The da Vinci Surgical System is a robotic surgical system. The system is controlled by a surgeon from a console.
This minimally invasive surgical approach is commonly used for prostatectomies and increasingly for cardiac valve repair and gynaecologic surgical procedures.

A da Vinci Surgical System costs approximately $1.5 million. The da Vinci SI released in April 2009 cost about $1.75 million. In addition, there are maintenance contracts plus expenditures for instruments used during surgery. In 2008, The New York Times reported that most hospitals and clinics have a hard time recovering the cost of the robot.

==Lawsuits==
In June 2018, Intuitive Surgical settled class action suits of its shareholders for a payment of $43 million. Originally filed in 2013, shareholders alleged Intuitive Surgical failed to report injuries related to their da Vinci robot, thus violating federal security laws.

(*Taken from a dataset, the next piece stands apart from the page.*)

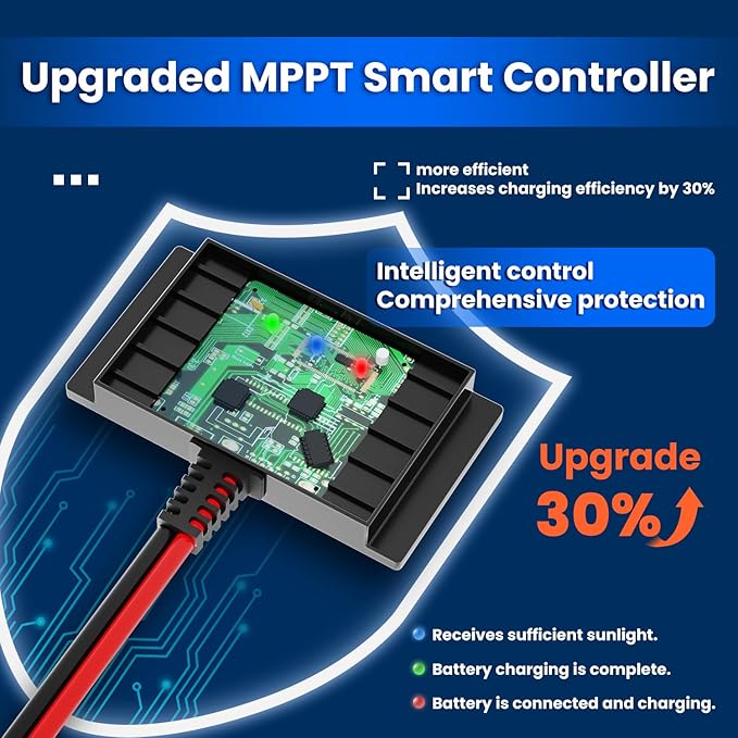 - 2024 MPPT Controller: This 12V solar trickle charger increases efficiency by 30% without power consumption. It automatically operates during daylight and extends battery life with full protection: short circuit, lightning, under-voltage, and overcharge

In 2021, Intuitive was sued for alleged abuse of its monopolist position. Specifically, replacement part manufacturer Rebotix Repair accused Intuitive of anticompetitive behavior in the robots' aftermarket business and overcharging of hospitals for replacement parts. The initiative was followed up by a wave of similar class-action lawsuits shortly afterwards, including those filed by Kaleida Health and Franciscan Health. In August of 2022, Rebotix v. Intuitive settled out of court shortly before trial was set to begin.

Sultzer v. Intuitive Surgical, Inc. involved a claim against Intuitive that a defect in its da Vinci surgical robot allowed electricity to arc through a patient's spine, resulting in her death. Intuitive was represented by Bradley Arant Boult Cummings. On July 12, 2024, the plaintiff agreed to drop the case.